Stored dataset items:
================

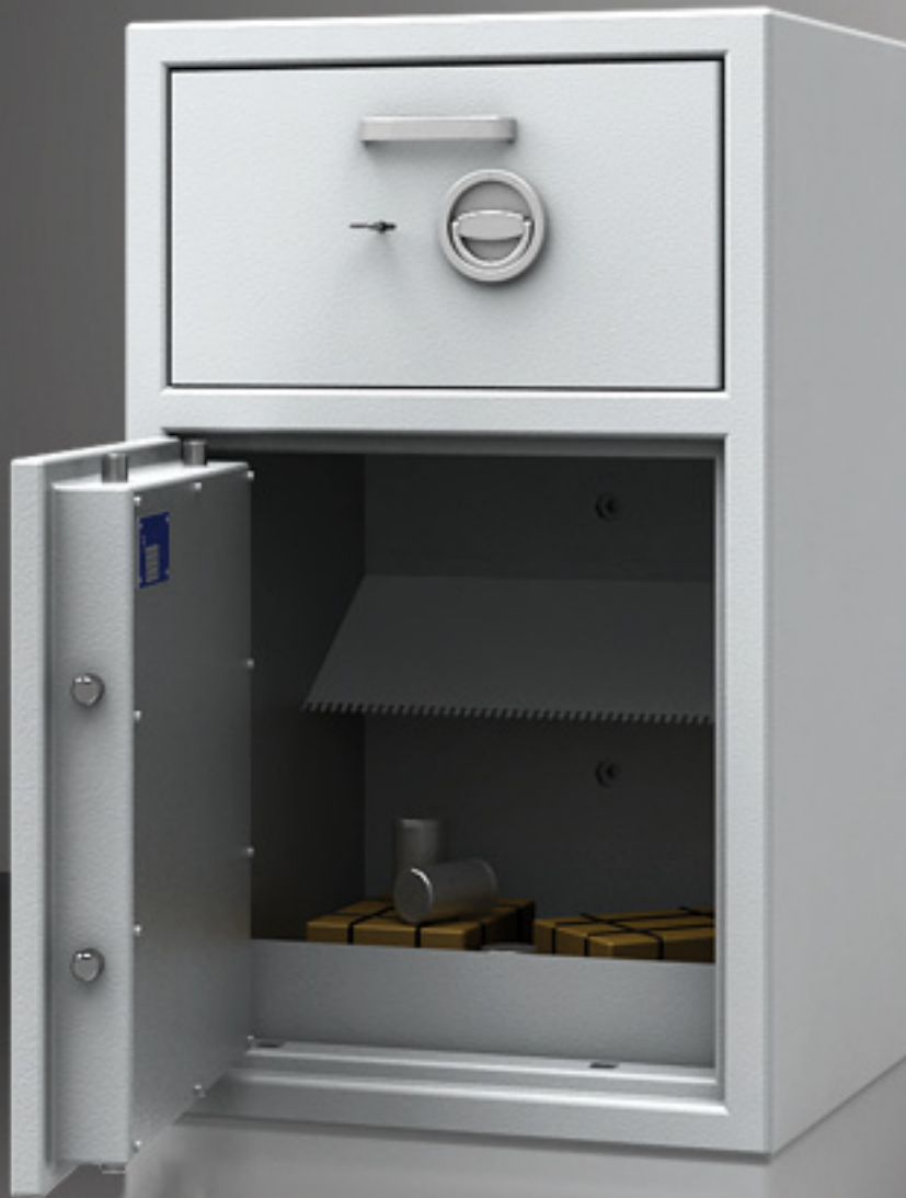
Abbildung: Modell mit Türanschlag DIN links (optional)
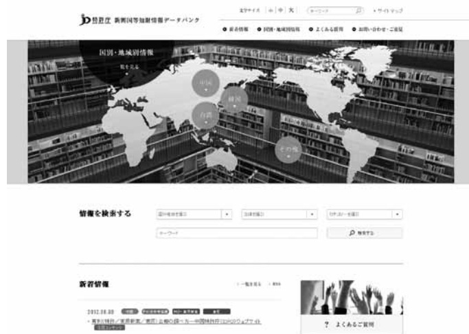
図2 新興国等知財情報データバンクトップページ
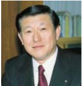
秋田市長 佐竹 敬久
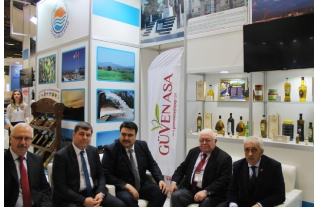
Gömeç ve Havran Belediye Başkanları ile birlikte
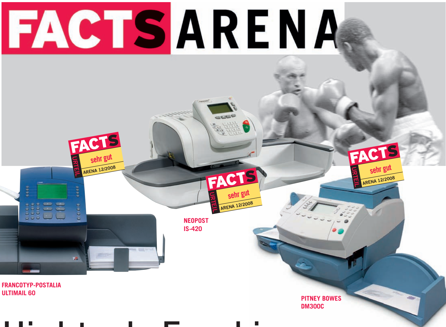
FRANCOTYP-POSTALIA ULTIMAIL 60
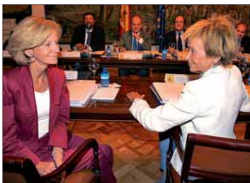
Elena Salgado charla con Teresa Fernández de la Vega

Los Ayuntamientos más prudentes, los que acumulen menos morosidad, podrán endeudarse el próximo año para financiar nuevas inversiones. La ministra de Economía, Elena Salgado, abrió esta semana las puertas a esta modificación al decreto aprobado en mayo que prohibía a los consistorios pedir créditos durante el año 2011. En concreto, podrán acogerse a esta nueva posición los entes municipales que tengan un nivel de endeudamiento inferior al 75% de sus ingresos.

================

** What to do **
Write out the data above precisely. Pictures stay out.

** Solution **
Abbildung: Modell mit Türanschlag DIN links (optional)
図2 新興国等知財情報データバンクトップページ
秋田市長 佐竹 敬久
Gömeç ve Havran Belediye Başkanları ile birlikte
FRANCOTYP-POSTALIA ULTIMAIL 60
Elena Salgado charla con Teresa Fernández de la Vega

Los Ayuntamientos más prudentes, los que acumulen menos morosidad, podrán endeudarse el próximo año para financiar nuevas inversiones. La ministra de Economía, Elena Salgado, abrió esta semana las puertas a esta modificación al decreto aprobado en mayo que prohibía a los consistorios pedir créditos durante el año 2011. En concreto, podrán acogerse a esta nueva posición los entes municipales que tengan un nivel de endeudamiento inferior al 75% de sus ingresos.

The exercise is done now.